In [42]: Rm.mask.dtype
Out[42]: dtype('bool')

# Now, both `__getitem__` and `__repr__` will result in errors — see issue #2972

If I create a masked array differently, the mask dtype is structured like the dtype of the array itself:

In [44]: Q.dtype
Out[44]: dtype([('A', '<f4'), ('B', '<f4')])

In [45]: Q.mask.dtype
Out[45]: dtype([('A', '?'), ('B', '?')])

The former situation exposes several problems. For example, Rm.__repr__() and Rm["A"] both result in IndexError, although it was a ValueError in the past.

By design, is the pattern supposed to be possible, where A.dtype is structured, but A.mask.dtype is not structured?
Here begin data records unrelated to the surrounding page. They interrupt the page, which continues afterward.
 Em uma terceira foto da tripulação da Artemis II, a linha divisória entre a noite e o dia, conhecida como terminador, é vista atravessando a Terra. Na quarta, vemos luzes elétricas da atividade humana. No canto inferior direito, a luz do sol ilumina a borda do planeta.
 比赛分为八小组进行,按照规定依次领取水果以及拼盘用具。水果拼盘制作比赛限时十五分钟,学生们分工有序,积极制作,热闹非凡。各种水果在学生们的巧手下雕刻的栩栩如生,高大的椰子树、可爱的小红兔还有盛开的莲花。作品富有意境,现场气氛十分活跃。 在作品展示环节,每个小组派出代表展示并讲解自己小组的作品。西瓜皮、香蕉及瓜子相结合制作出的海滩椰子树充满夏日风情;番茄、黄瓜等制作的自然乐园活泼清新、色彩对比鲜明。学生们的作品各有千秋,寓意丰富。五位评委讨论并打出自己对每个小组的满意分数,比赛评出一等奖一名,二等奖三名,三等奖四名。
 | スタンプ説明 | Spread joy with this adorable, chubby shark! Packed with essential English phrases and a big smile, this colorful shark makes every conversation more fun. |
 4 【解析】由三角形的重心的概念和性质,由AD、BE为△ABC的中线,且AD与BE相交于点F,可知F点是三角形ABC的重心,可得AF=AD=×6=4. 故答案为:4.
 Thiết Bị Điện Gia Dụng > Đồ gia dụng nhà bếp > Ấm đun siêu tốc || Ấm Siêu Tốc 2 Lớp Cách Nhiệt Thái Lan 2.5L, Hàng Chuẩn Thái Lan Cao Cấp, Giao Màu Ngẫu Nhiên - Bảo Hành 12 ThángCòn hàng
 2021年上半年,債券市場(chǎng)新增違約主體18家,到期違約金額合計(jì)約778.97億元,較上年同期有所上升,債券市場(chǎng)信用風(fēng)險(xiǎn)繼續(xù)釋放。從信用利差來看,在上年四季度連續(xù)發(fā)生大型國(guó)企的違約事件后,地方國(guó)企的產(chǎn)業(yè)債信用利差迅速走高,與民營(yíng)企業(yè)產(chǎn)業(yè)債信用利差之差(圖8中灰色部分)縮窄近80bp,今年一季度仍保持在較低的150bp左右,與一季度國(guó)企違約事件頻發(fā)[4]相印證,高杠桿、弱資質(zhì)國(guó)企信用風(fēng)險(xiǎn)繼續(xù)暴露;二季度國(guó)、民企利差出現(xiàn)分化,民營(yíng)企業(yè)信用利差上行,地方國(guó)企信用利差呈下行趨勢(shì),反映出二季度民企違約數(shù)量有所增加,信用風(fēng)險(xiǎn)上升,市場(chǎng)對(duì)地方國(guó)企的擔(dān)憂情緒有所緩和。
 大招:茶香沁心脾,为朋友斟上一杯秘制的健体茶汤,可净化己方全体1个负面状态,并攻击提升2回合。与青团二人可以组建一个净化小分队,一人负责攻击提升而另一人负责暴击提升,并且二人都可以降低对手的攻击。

In other words: is the bug in the __repr__ and __getitem__ methods in numpy.ma.core.MaskedArray, or is the real bug occurring before — by permitting such a masked structured array to exist in the first place?

JamesENL
  • 6,400
  • 6
  • 39
  • 64
gerrit
  • 24,025
  • 17
  • 97
  • 170

1 Answers1

3

The errors in your 1st case indicate that the methods expect the mask to have the same number (and names) of fields as the base array

__getitem__:  dout._mask = _mask[indx]
_recursive_printoption: (curdata, curmask) = (result[name], mask[name])

If the masked array is make with the 'main' constructor, the mask has the same structure

Rn = np.ma.masked_array(R, mask=R['A']>5)
Rn.mask.dtype: dtype([('A', '?'), ('B', '?')])
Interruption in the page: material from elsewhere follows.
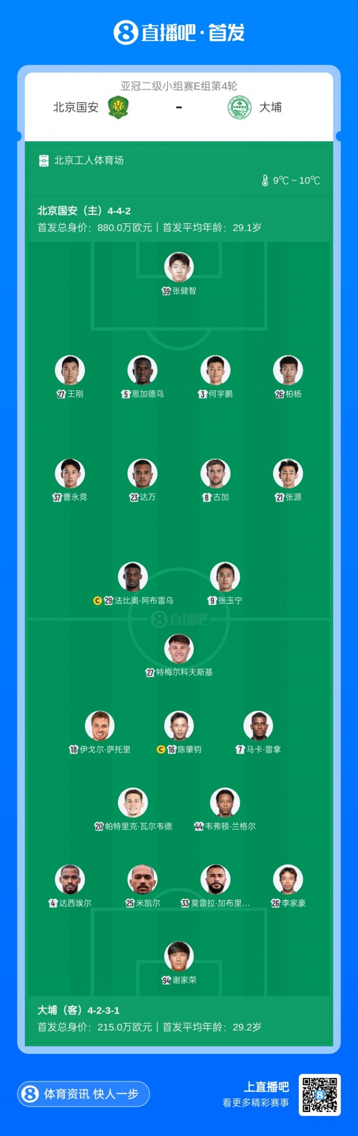 亚冠二-国安vs大埔首发:张健智、张玉宁先发,王刚、法比奥出战

In other words, there is a mask value for each field of each element.

The masked_array doc evidently intends for 'same shape' to include dtype structure. Mask: Must be convertible to an array of booleans with the same shape as 'data'.
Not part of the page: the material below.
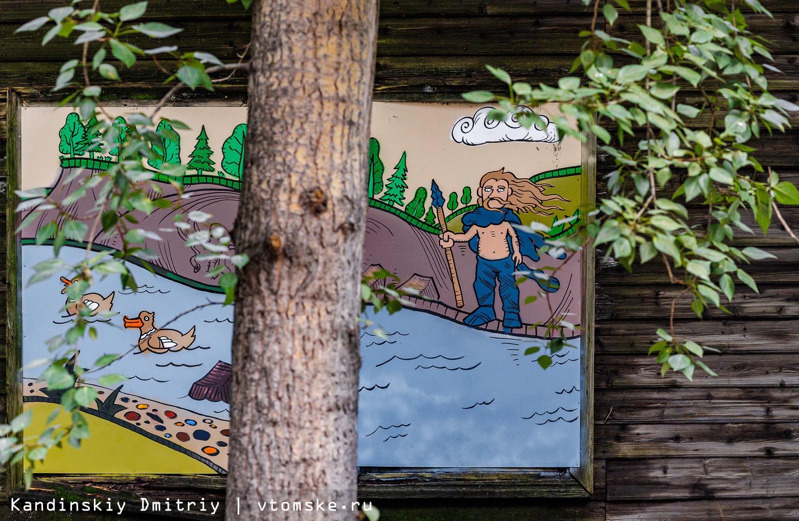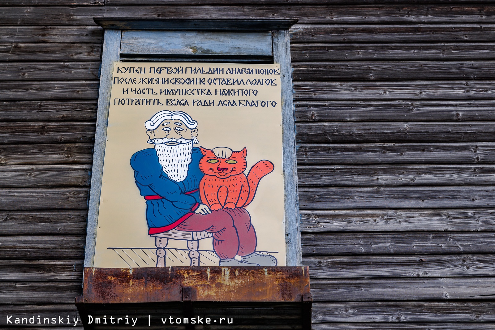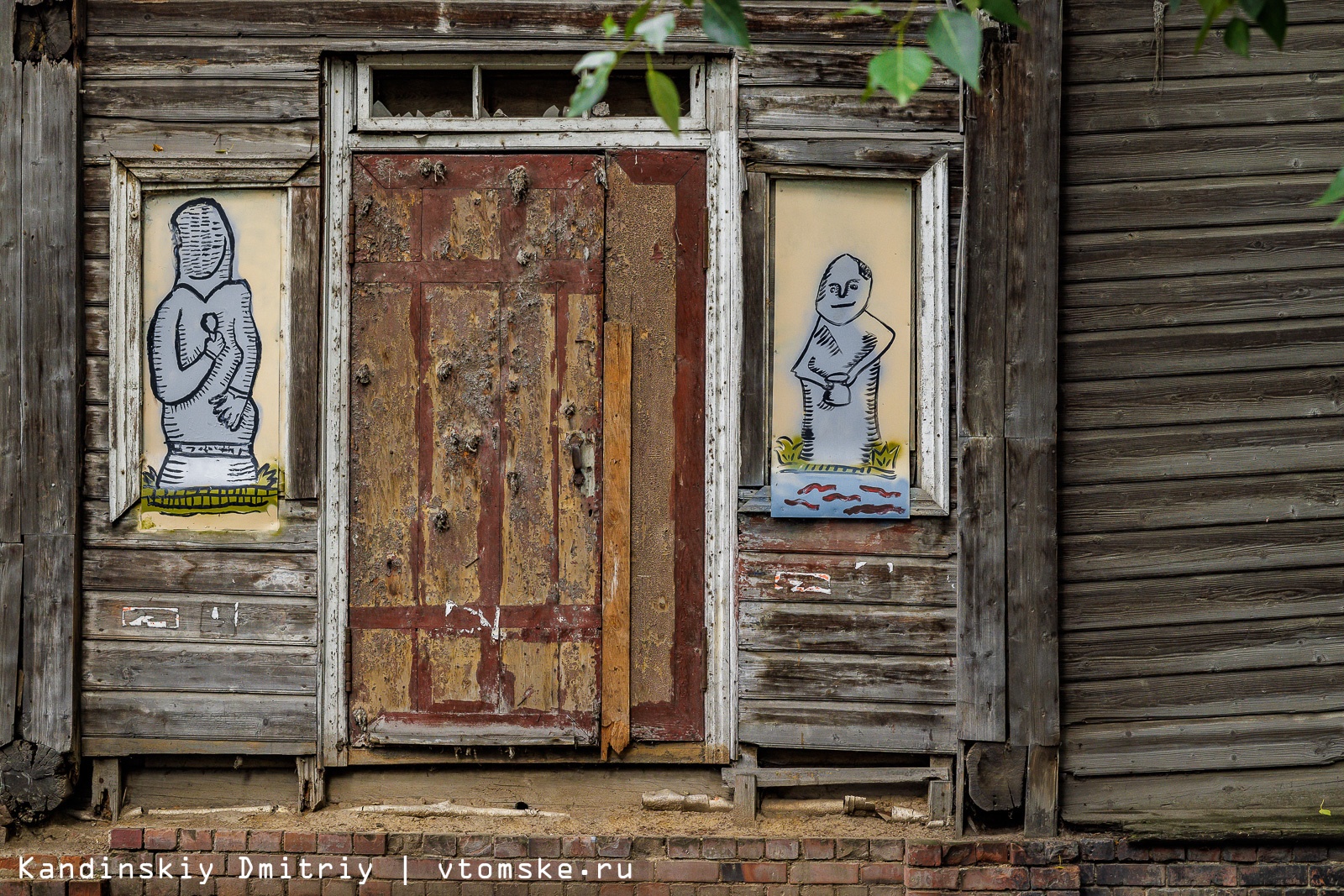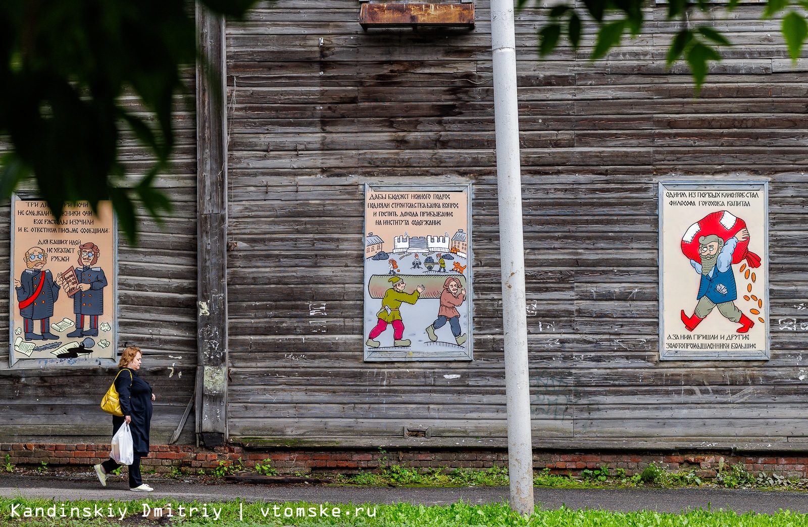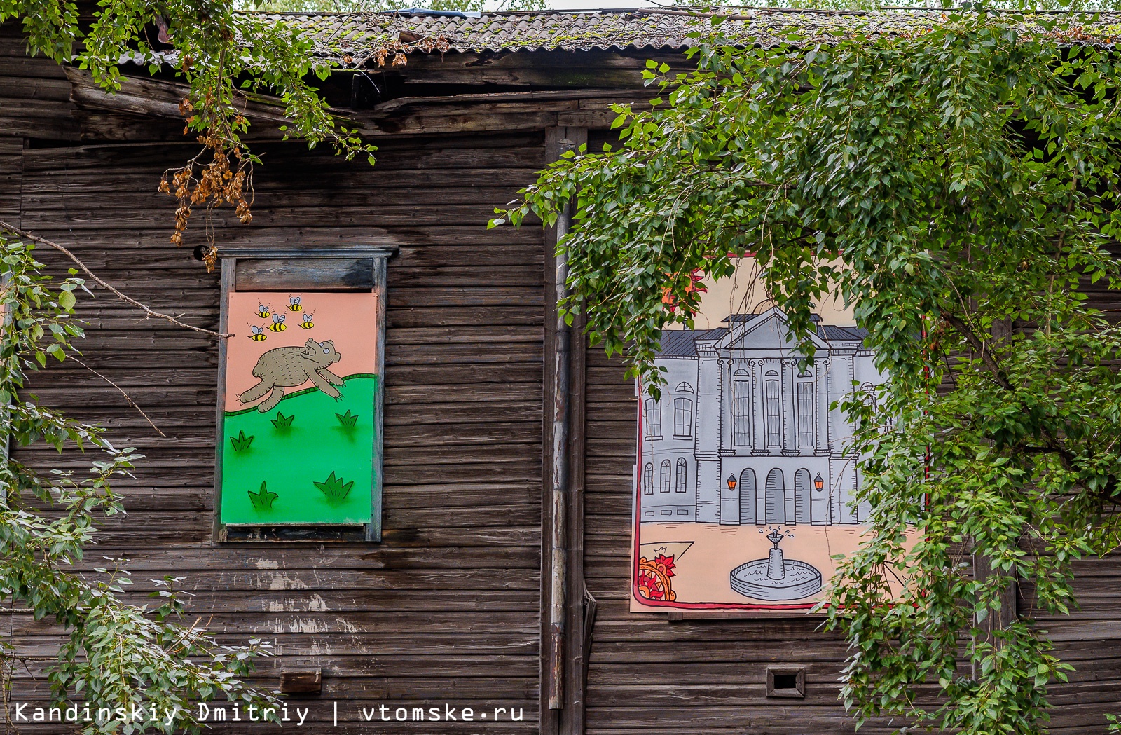 Заколоченные окна двухэтажного деревянного дома на улице Советской, 106, украсили необычными рисунками. Изображения сделаны в лубочном стиле и рассказывают про известные места и личностей Томска из дореволюционной эпохи.

If I try to set the mask in the same way that masked_where does

Rn._mask=R['A']>5

I get the same print error. The structured mask gets overwritten with the new boolean, changing its dtype. In contrast if I use

Rn.mask=R['A']<5

Rn prints fine. .mask is a property, whose set method evidently handles the structured mask correctly.

Without digging into the code history (on github) my guess is that masked_where is a convenience function that wasn't updated when structure dtypes were added to other parts of the ma code. Compared to ma.masked_array it's a simple function that does not look at the dtype at all. Other convenience functions like ma.masked_greater use masked_where. Changing result._mask = cond to result.mask = cond might be all that is need to correct this issue.


How thoroughly have you tested the consequences of an unstructured mask?

Rm.flatten()

returns an array with a structured mask, even when it started with an unstructured one. That's because it uses Rm.__setmask__, which is sensitive to fields. And that's the set function for the mask property.

Rm.tolist()  # same error as str()

masked_where starts with:

cond = make_mask(condition)

make_mask returns the simple 'bool' dtype. It can also be called with a dtype, producing a structured mask: np.ma.make_mask(R['A']<5,dtype=R.dtype). But such a structured mask gets flattened when used in masked_where. masked_where not only allows a unstructured mask, it forces it to be unstructured.

Your unstructured mask is already partly implemented, the recordmask property:

recordmask = property(fget=_get_recordmask)

I say partly because it has a get method, but the set method is not yet implemented. See def _set_recordmask(self):

The more I look at this the more I'm convinced that masked_where is wrong. It could be changed to set a structured mask, but then it's not much different from masked_array. It might better if it raises an error when the array is structured (has dtype.names). That way masked_where will remain useful for unstructured numeric arrays, while preventing misapplication to structured ones.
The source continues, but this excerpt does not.